Year: 2009 | Volume: 12 | Issue: 12 | Page No.: 929-933
DOI: 10.3923/pjbs.2009.929.933
Expression of P27, Ki67 and P53 in Squamous Cell Carcinoma, Actinic Keratosis and Bowen Disease
S. Talghini, M. Halimi and H. Baybordi

Abstract: This study aims at evaluating the expression of P27, Ki67 and P53 in Squamous Cell Carcinoma (SCC), Actinic Keratosis (AK) and Bowen Disease (BD) specimens. In an analytic-descriptive setting, skin biopsy specimens of 45 patients were evaluated in three 15-case groups including BD, AK and SCC specimens. Fifteen normal skin biopsy specimens were obtained and used as the control group. Immunohistochemical staining was performed in all the specimens and the expression rates and patterns of Ki67, P27 and P53 were determined. The results were compared between the four groups. Ki67 was expressed in 0.8, 23.7, 12.3 and 19.3% of the cells in the normal skin, AK, BD and SCC groups, respectively.

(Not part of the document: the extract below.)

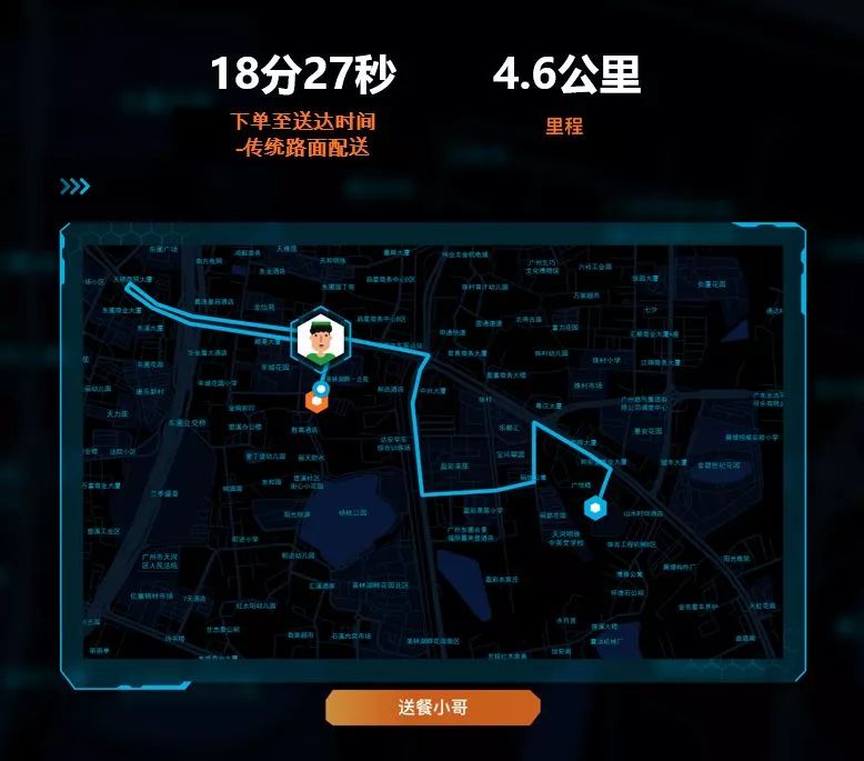 在餐饮零售场景中,确保线上订单配送的准时和新鲜,是行业致力的目标,目前外送市场主打“最快30分钟送达”。超级物种此次无人机配送,将配送时间由30分钟缩短为10-20分钟,最大程度保证生鲜商品的鲜度。相比于其它配送平台,超级物种的无人机配送有着独特的优势:门店端直接配货,小区端则由驻点的社区骑手完成最后100米配送,缩短骑手的运送距离,提高配送效率。

No significant difference was seen between the three pathological conditions regarding the expression rate of Ki67. P27 was positive in 23.4, 26.2, 25.9 and 4.5% of specimens in the normal skin, AK, BD and SCC groups, respectively. This rate was significantly the lowest in the SCC group. P53 expression was detected in 26.6, 41.8 and 54.6% of the assessed cells in the AK, BD and SCC groups, respectively. There was no expression of P53 in the normal skin specimens. This rate was significantly the highest again in the SCC group. Based on these results, the quantitative and qualitative (pattern of distribution) evaluation of the expressions of Ki67, P27 and P53 may be helpful in differentiating malignant and premalignant epidermal lesions, particularly in unsatisfactory or fragmented specimens.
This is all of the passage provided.